Just an update on the results of my  repair attempt.   After using 400grit through 12000 micro mesh + buffing & polishing on my Deet sprayed test board, I repeated that method on the peg head.  I would say 80% improvement.  Still some pits, but felt I was running out of finish to remove more.

The damage on the rest of the mandolin (it showed up everywhere the owner touched it!) was Meguire’s 17 and 10.  That worked best on the surfaces that were dulled, eliminating the haze.  The pitted areas were very much improved by polish, but not eliminated. I decided not to sand the top partly because the lacquer had shrunk enough to highlight distinct grain lines.  Was afraid of creating a areas of grain lines/no grain lines.  The polish alone made a significant improvement.

Here are my AFTER photos.  Thanks again to all for the suggestions.

----------


## Jeff Mando

Looks good, John!

----------

crooksj

----------


## rcc56

Good work.  
Knowing when to quit is essential on a job like this.

----------

crooksj

----------


## Roger Adams

Great job!  Gotta wonder who does not know that insect repellent is harmful to an instrument.....just saying.

----------

crooksj, 

Jonathan Reinhardt

----------


## Dale Ludewig

Looks mighty fine, to quote Lester Moran... Looks great. As said above, good to know when to stop. Now it's a little story in the instrument's history.

----------

crooksj

----------


## Tom C

> Great job!  Gotta wonder who does not know that insect repellent is harmful to an instrument.....just saying.

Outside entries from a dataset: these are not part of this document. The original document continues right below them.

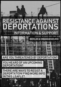 Ein neuer Flyer stellt potenzielle Taktiken vor, mit denen gegen die eigene Abschiebung Widerstand geleistet werden kann. Droht dir eine Abschiebung? Hast du von einer bevorstehenden Abschiebung gehört? Es gibt Wege, sich der Abschiebung zu widersetzen! Du findest genaueres in diesem Flyer. Es gibt diesen Info-Flyer in diesen Sprachen (PDF): Urdu-اردو, Tigrinya-ትግርኛ, Serbian-Српски, Pashto-پښتو, Russian-русский, Farsi-فارسی, French-Français, English, Arabic-عربى, German-Deutsch
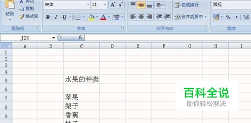 打开一个Excel的文件,输入一个简单的表格,比如水果的种类表。需要在单元格输入不同的水果名称数据,如下图所示。
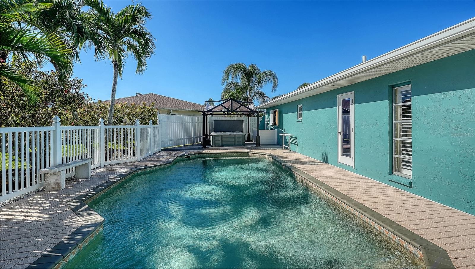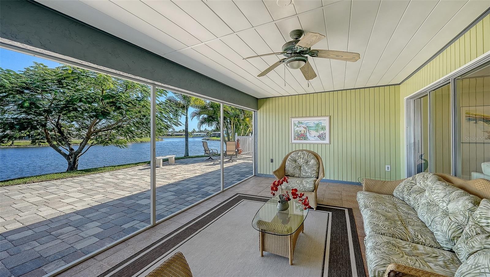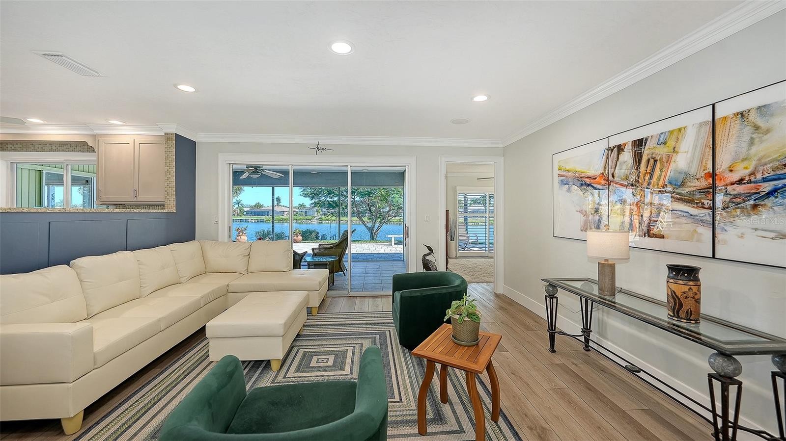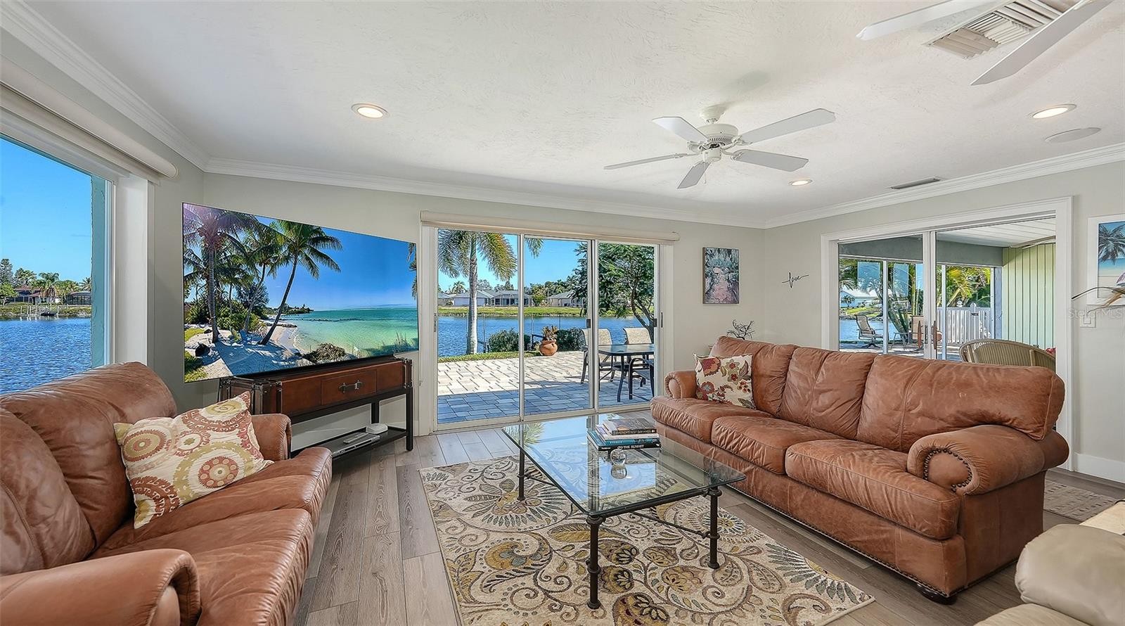 Welcome to Jacaranda West, where this premier peninsula homesite at the end of a quiet cul-de-sac captures 149 feet of shoreline and wide 180-degree open-water views across the broadest stretch of Claw Lake—an outlook that brings light, space, and privacy to everyday living. Claw Lake is spring-fed and winds for more than two miles through the community, bordered by gently curving riprap shoreline. It’s designed for the kind of lake life community actually want: kayaking, canoeing, paddlecraft, sailing, and electric-motor boating are welcome, while combustible engines are prohibited. Whether you enjoy a quiet paddle, casting a line, or simply watching the water change throughout the day, the setting supports it naturally. Inside, the home offers 1,704 square feet of thoughtfully updated, open-concept living with two bedrooms, two baths, and an oversized two-car garage. The interior lives bright and wide, with expansive windows and sliding glass doors that keep the lake present throughout the main living spaces. The result is a seamless relationship between indoors and outdoors—easy for everyday living and equally comfortable for entertaining. Outdoor living has been planned with intention: the 30-by-15-foot pool and heated spa are positioned along the side of the home so they preserve the full sweep of shoreline and water views from the primary rooms. More than 1,000 square feet of brick pavers span the patio and pool deck, creating generous space for dining, lounging, and gathering. At the water’s edge, the 12-by-12-foot dock with railing becomes the natural destination—sunrise coffee, a quiet afternoon, or a glass of wine at sunset as the lake settles into evening. Inside, the layout follows the waterline, keeping the view as the home’s defining feature. As you move through the house, the lake remains the constant backdrop—breathtaking in scale, calming in effect. Satin walls, higher crown molding, and paneled doors and casings provide a finished, cohesive feel that complements the setting without distracting from it. The overall impression is calm, casual elegance. The residence has been comprehensively improved with hand-crafted cabinetry and custom built-ins, granite countertops, and new luxury vinyl flooring—creating a refined yet comfortable environment that is ready to enjoy. Convenience completes the package: approximately 10 minutes to downtown Venice shops and restaurants, 10 to 15 minutes to area beaches, and about five minutes to Jacaranda West Country Club, with additional golf options close by. Recent improvements include a new metal roof, gutters, soffits, and full interior/exterior painting (Jan 2023); a new air-conditioning system with all-new ductwork; a remodeled kitchen; new flooring (Aug 2020); attic insulation upgraded to R-49 (Sep 2022); and a new lake-fed irrigation pump and timer (Sep 2025). If you’ve been waiting for a home where the view truly defines the experience—and where the lake feels like part of daily life—this is one you must see in person.
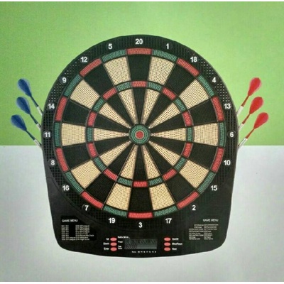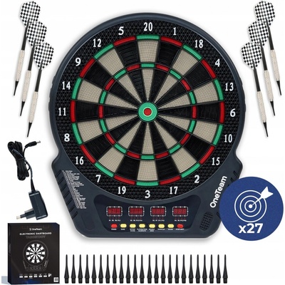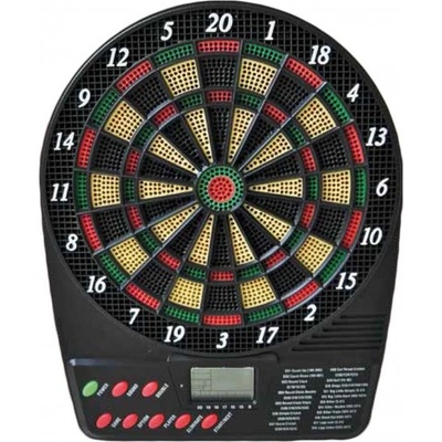 Elektronický terč pro 8 hráčů, 27 her a 202 herních variant, 2x LED automatický displej, napájecí adaptér, automatické bodování, zvukové efekty, automatické vypnutí, budící...
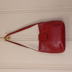 This vintage Fossil red leather shoulder bag is perfect for any occasion. Its sleek design, sheen, and vibrant color make it a standout accessory. Magnetic snap closure. Strap narrows from bag to shoulder (1 1/2" to 3/4"). Double stitching throughout. There are two large sections inside with a full zippered pocket in between. One of the sides has a small open pocket (keys?), and the other has a medium zippered pocket. There is very little show of wear on the corners and is in great clean vintage condition. Ideal for adding a pop of color to your outfit.
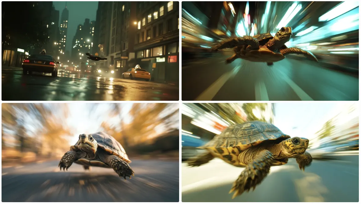 아래의 이미지들은 LumaAI의 Image-to-Video를 위한 인풋 이미지로 Midjourney에서 만든 빠르게 도심을 질주하는 거북이의 역동적인 모습을 표현한 이미지 입니다. 일반적으로 느리고 조용한 존재로 인식되는 거북이를 반전된 속도감과 강렬한 연출로 표현하려고 했습니다. 밤의 네온 사인이 반짝이는 도심을 배경으로, 거북이들은 공중을 날며 빛의 궤적을 남기고 Snorricam 기법을 활용해 카메라가 거북이에 고정된 듯한 시점을 유지하며, 거북이의 움직임을 따라가는 생생한 장면을 연출하도록 유도했습니다. 그리고 이 아이디어는 책을 쓰기 위해서 예시 이미지를 만드는 것을 보고 있던 이제 초등학교 4학년이 되는 둘째 아들이 준 아이디어로 부터 출발 했습니다.
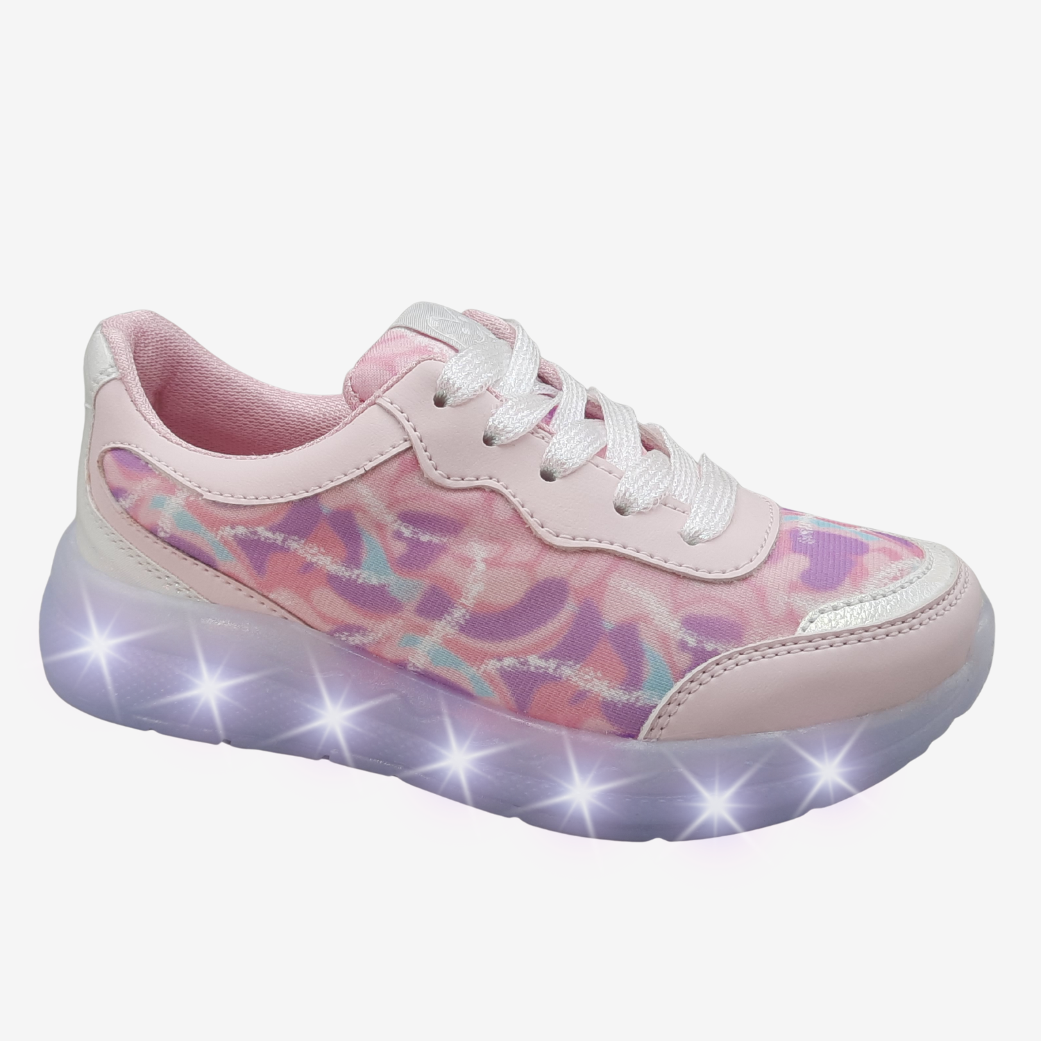 Tenis para niña color rosado / pastel, fabricados en sintético liso y malla textil. Forrados en su parte interna con textil suave de alta calidad y resistencia, cuentan con un sistema de fácil ajuste al pie del niño con correa - velcro - cordón elástico y suela cristal con luces.
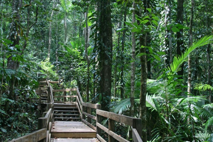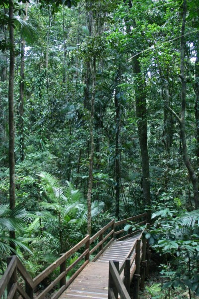 Jindalba is the traditional Kuku Yalanji people's name for this area. This 700 metre rainforest boardwalk circuit winds up the hill and sometimes reaches four metres off the ground. It offers some elevated views of this lowland rainforest, including creeks, king ferns and fig trees. The information signs explain the complexities of rainforest structure and ecological processes - how different species have evolved to survive in the rainforest environment.
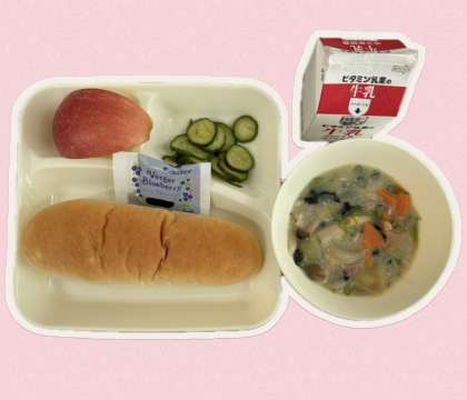 今日の「鶏肉ときのこのクリームシチュー」には、しめじ、エリンギ、マッシュルームを使っています。きのこがたっぷり入っていて旨味が出ていましたね。今日のりんごは、長野県産サンふじが出ました。ジューシーでおいしかったですね。

Rule number one of the Mandolin Club... Do not get bug repellent on your mando.

----------


## Sue Rieter

Being an extreme newbie, I did not know this about bug spray. But it makes sense. Bug spray is nasty stuff all the way around. What about the natural stuff, lemon eucalyptus and similar essential oil based stuff? 

Sue

----------


## Dale Ludewig

I don't trust any of the bug sprays on instrument finishes. I wear long sleeve supplex nylon shirts (think fly fishing), maybe a little spray on the backs of my hands.

----------